La carne y las entrañas de las ballenas se hervían en unas ollas a presión mediante para obtener el valioso aceite. En tanto, los desechos de los huesos eran machacados para hacer fertilizante.
A las faenas de la planta terrestre se sumaron las de 12 factorías flotantes y 27 barcos balleneros. Sólo entre 1912 y 1913 se estima que se procesaron 5.000 ballenas.
En poco más de 20 años su lucrativa y devastadora actividad acabó casi por exterminar todas las ballenas del archipiélago de las islas Shetland del Sur.

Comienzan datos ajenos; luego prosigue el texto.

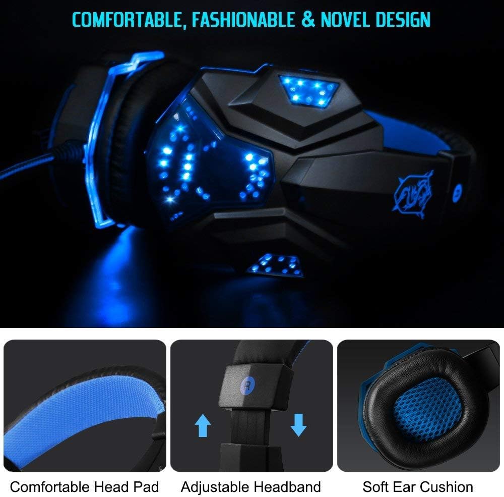 Gaming Headset with Mic and LED Light for Laptop Computer, Cellphone, PS4 and so on, DLAND 3.5mm Wired Noise Isolation Gaming Headphones – Volume Control.(Black and Blue)

La estación terrestre se cerró definitivamente en abril de 1931, a causa de la desaparición de las ballenas en esa zona y el impacto de la recesión económica. Desde entonces, la caleta permanece deshabitada.
Las decaídas casas de los trabajadores, los inmensos depósitos metálicos carcomidos por el óxido, las decrépitas calderas y algunos restos de embarcaciones conforman hoy un paisaje postapocalíptico, que da cuenta de las duras condiciones de vida y el esforzado trabajo de los antiguos expedicionarios.
A un lado de las instalaciones, en un terreno pedregoso y desértico, se encuentra el cementerio de la colonia, en el que están enterrados 38 noruegos, tres suecos, un chileno, un ruso, un bretón y otra persona más de origen desconocido.
En 1969 una erupción volcánica ocultó las tumbas bajo una capa de grava y fango. Hoy, solamente dos cruces de madera ajada se recortan sobre la arena negra.
"Tømmerm Hans A. Gulliksen 4/1-1871 - 7/4-1929" reza una de ellas. De él la historia tan sólo menciona que fue un carpintero nacido en el sur de Noruega.
Su sepultura, marcada con piedras de distintos colores, recuerda a los visitantes que un día estas vastas soledades se escuchaba el griterío de los cazadores de ballenas y el chirrío de las calderas de vapor.